28nm — commercial target
L0: 16 cores, 4×4 mesh, 64 KB SRAM/core L1: 6 clusters, 6×6 crossbar L2: 6 tiles, 6×6 crossbar L3: 6 regions, 6×6 crossbar + Seal Core 16 × 6 × 6 × 6 = 3,456 Rich Cores Total SRAM: 216 MB
7nm — high performance
L0: 16 cores, 4×4 mesh, 256 KB SRAM/core L1: 8 clusters, 8×8 crossbar L2: 8 tiles, 8×8 crossbar L3: 8 regions, 8×8 crossbar + Seal Core 16 × 8 × 8 × 8 = 8,192 Rich Cores Total SRAM: 2 GB
5nm — target configuration
L0: 16 cores, 4×4 mesh, 256 KB SRAM/core L1: 8 clusters, 8×8 crossbar L2: 8 tiles, 8×8 crossbar L3: 10 regions, 10×10 crossbar + Seal Core 16 × 8 × 8 × 10 = 10,240 Rich Core Total SRAM: 2.5 GB (On 1,400 mm² die: 18 regions, 18,432 cores, 4.5/9.2 GB SRAM)
Latency remains constant
Worst-case latency ranges from ~85 to ~171 cycles depending on the node, hierarchy depth, and payload size. At 5nm, the cross-region worst case is ~171 cycles (~342 ns @ 500 MHz, 128B payload); typical small messages (~48B) complete in ~93 cycles (~186 ns). For context: this is competitive with software actor messaging (Erlang/BEAM: ~0.5–2 µs).

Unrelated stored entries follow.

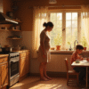 Женя сидела на табурете. На плите шумел чайник.
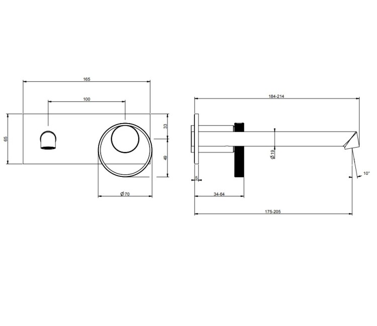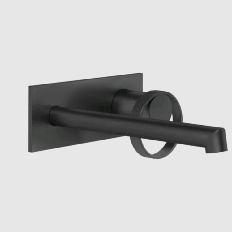 Смеситель для раковины, Gessi, Anello, тип открывания воды-однорычажный, тип регулирования воды-керамический картридж, монтаж-настенный встраиваемый, отверстия для монтажа-2, высота, мм-82, вынос излива, мм-175-205, тип излива-неподвижный, донный клапан-отсутствует, тип подводки-жесткая, стандарт подвода воды-1/2", внутренняя часть-необходимо заказать, цвет-черный матовый Смеситель для раковины, Gessi, Anello, цвет-черный матовый
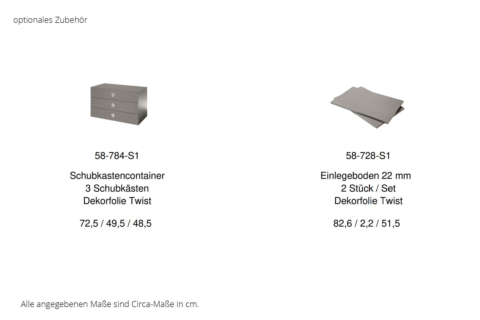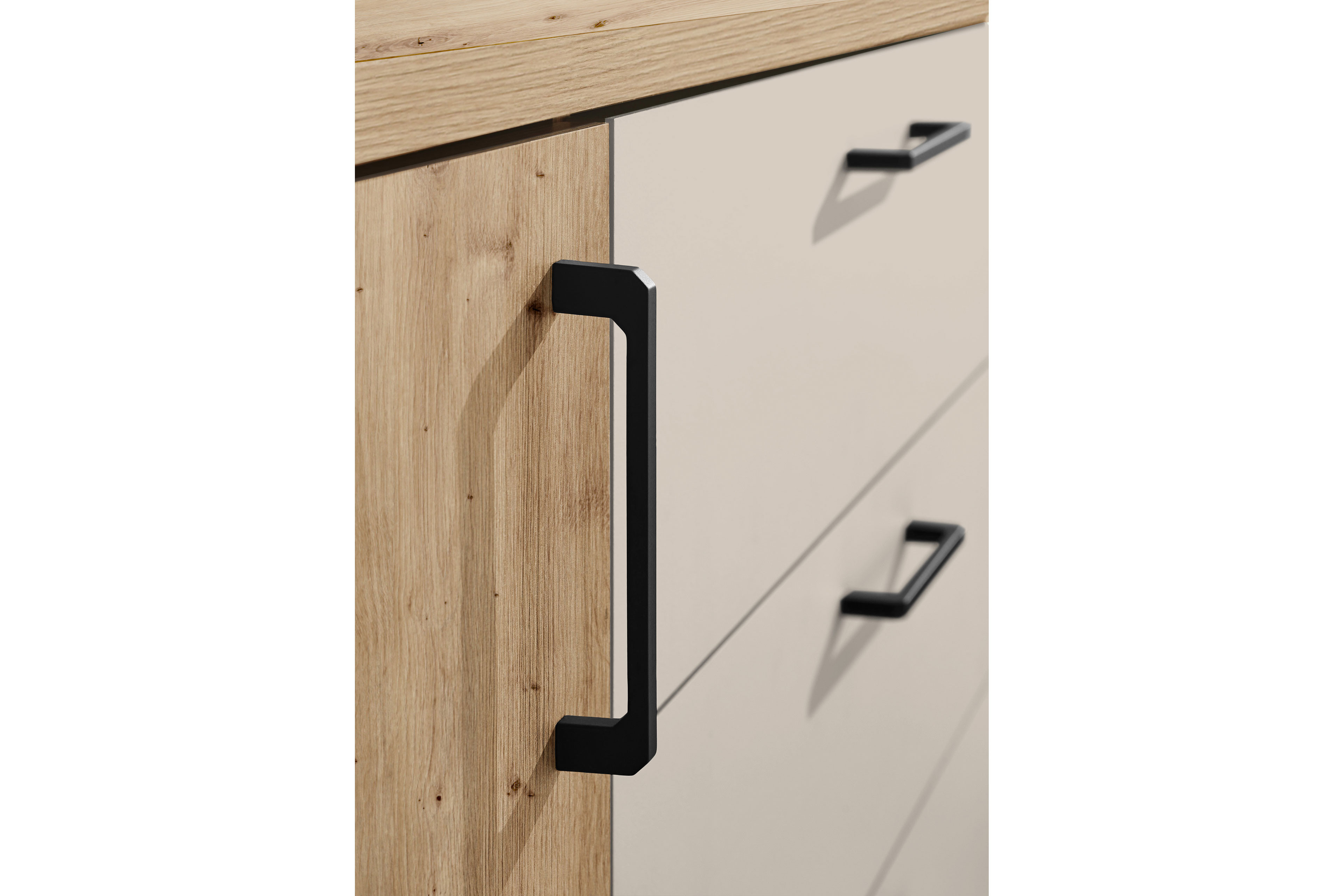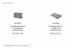 - Absetzung (2 Schubladenfronten): kaschmir (Dekorfolie)

| Node | Core count (800 mm²) | SRAM/core | Levels | L0 cluster size | Worst-case latency (128B) | Typical (48B) |
|---|---|---|---|---|---|---|
| 130nm | 576 | 16 KB | 2 | ~5.3 mm | ~85 cyc | ~38 cyc |
| 28nm | 3,456 | 64 KB | 3 | ~2.7 mm | ~120 cyc | ~68 cyc |
| 7nm | 8,192 | 256 KB | 4 | ~1.4 mm | ~171 cyc | ~93 cyc |
| 5nm | 10,240 | 256 KB | 4 | ~1.1 mm | ~171 cyc | ~93 cyc |
The Seal Core always at the center
Regardless of node or core count, the Seal Core is always at the geometric center of the chip — co-located with the L3 crossbar. This is a communication topology decision: the star center minimizes maximum wire length to any region, and all cross-region traffic naturally passes through it — enabling security inspection without extra routing.
In every chip variant, from 576 cores to 10,000+, the same network architecture: the Seal Core sees all cross-region traffic by design.
Open Source
The entire design process, the scaling model, and the parameterizable RTL are publicly available.
The CFPU is not a chip — it is a chip family. One RTL that grows with the technology, from the 130nm first silicon to the 5nm 10,000+ core target configuration.